Характеры в чипических обстоятельствах

В коротком списке премии «Национальный бестселлер»

В субботу будет объявлен победитель литературной премии «Национальный бестселлер». Шорт-лист в этом году вышел на славу, поэтому, кому бы ни вручили главный приз, Михаил Пророков останется доволен.

Михаил Пророков

Михаил Пророков

Фото: Григорий Собченко, Коммерсантъ  /  купить фото

Михаил Пророков

Фото: Григорий Собченко, Коммерсантъ  /  купить фото

Особняком в коротком списке стоит «Плейлист волонтера» Мршавко Штапича. Так-то «Нацбест» не премирует биографий и вообще не заточен под нон-фикшн, но эта книга вышла в финал просто-таки триумфально: ее не ругали даже те члены большого жюри, которые обычно ругают все. Причин тому несколько. Во-первых, «Плейлист волонтера» — воспоминания не просто человека интересной судьбы, а спасателя, долгое время подвизавшегося в отрядах «Лизы Алерт».

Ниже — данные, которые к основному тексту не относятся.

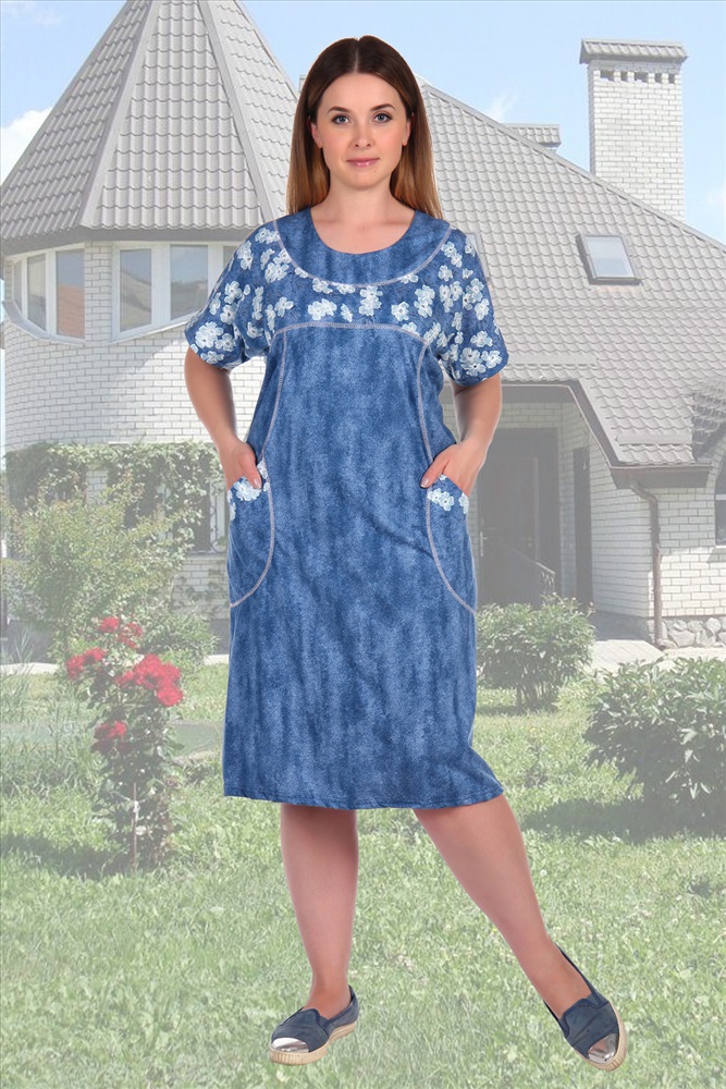 Застежка: без застежки Стильное женское платье из кулирки. Свободный покрой со спущенным плечом и накладными карманами, рукава короткие, два варианта дизайна белые либо розовые цветы, общая длина чуть ниже коленей

Во-вторых, книга веселая, страшная и очень отвязная.

В-третьих, автор, описывая, как в промежутках между спасениями пьет без продыху и трахает все, до чего может спьяну дотянуться, и пересыпая эти описания густым матом, вполне отдает себе отчет в том, что он делает, недаром поминая то Буковски, то Лебовски. И главное — Штапич не питает никаких иллюзий относительно себя и своих товарищей по благородному делу: «...Поисками и волонтерством вообще занимаются исключительно непорядочные люди, которых бесполезно менять. Потому что только им, подлинным плутам, забулдыгам, проходимцам, извращенцам, в душе свойственна гибкость мышления, или даже — системность мышления внутри этой самой гибкости». Иллюстрации этой мысли, в общем-то, книга и служит.

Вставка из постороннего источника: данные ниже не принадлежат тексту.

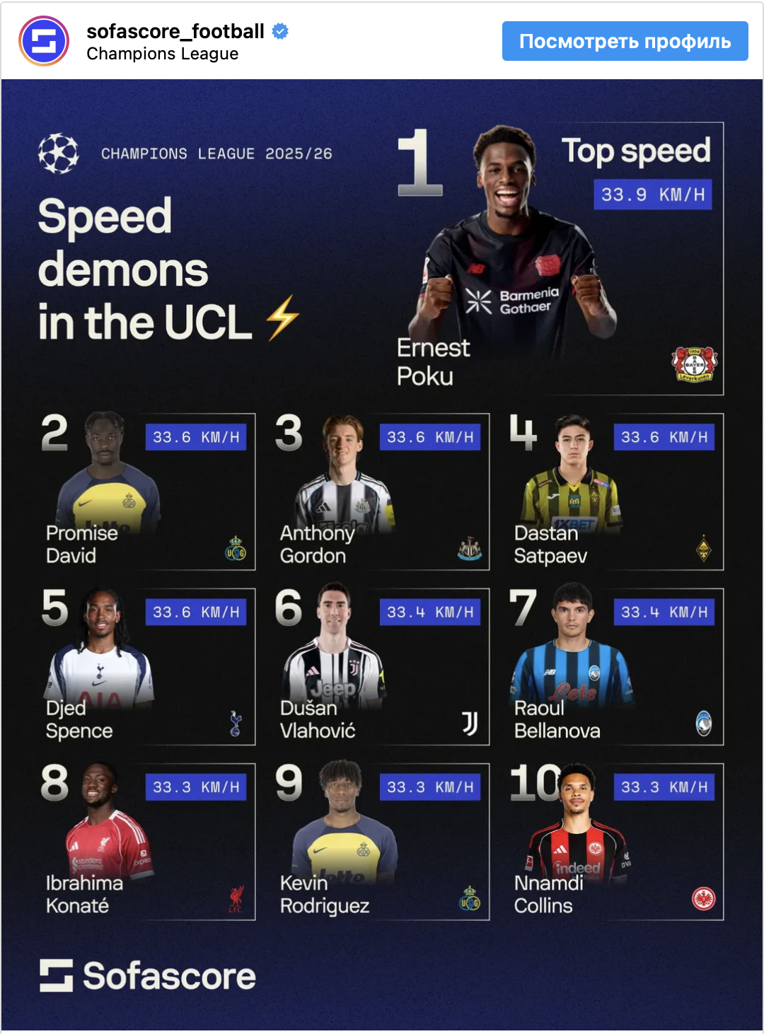 Казахстанский нападающий «Кайрата» продемонстрировал впечатляющий показатель — 33,6 км/ч, что позволило ему войти в пятёрку самых быстрых футболистов престижного турнира. Данные предоставлены аналитической платформой SofaScore.

К счастью, в ней есть не только это:

«— Есть шанс, что он не утонул? — спрашивает Киса, как только мы отходим от штаба. Такие вопросы задают с одной целью — чтобы их автора разуверили.

— Ну, шансы всегда есть.

В этот момент оживает рация — и радостный голос Ляли трещит: «Всем лисам отбой, найден, жив!»

Местные несут малыша — заспанного, закусанного комарами, с сеном в волосах. Ляля рыдает, Киса тоже».

«Покров-17» Александра Пелевина — книга, собравшая уже немало хвалебных отзывов. Да и негативные отзывы выглядят так, что хочется скорее ее прочесть. Критики сравнивали ее с культовой игрой «Сайлент Хилл»: действие происходит в бывшем секретном городе, попасть куда нелегко, а выбраться оттуда — практически невозможно.

Люди там мутируют, превращаясь в неведомых зверушек, периодически непонятная сила вырубает все источники света, включая (или выключая) солнце.

Истоки таинственной аномалии герои ищут в событиях Второй мировой войны, но фоном (время действия — осень 1993-го) проходит танковый штурм Белого дома.

Автора «Покрова-17» уже почти перестали спрашивать, «что же вы с такой фамилией псевдоним-то не взяли»; книга в голосовании большого жюри стала второй.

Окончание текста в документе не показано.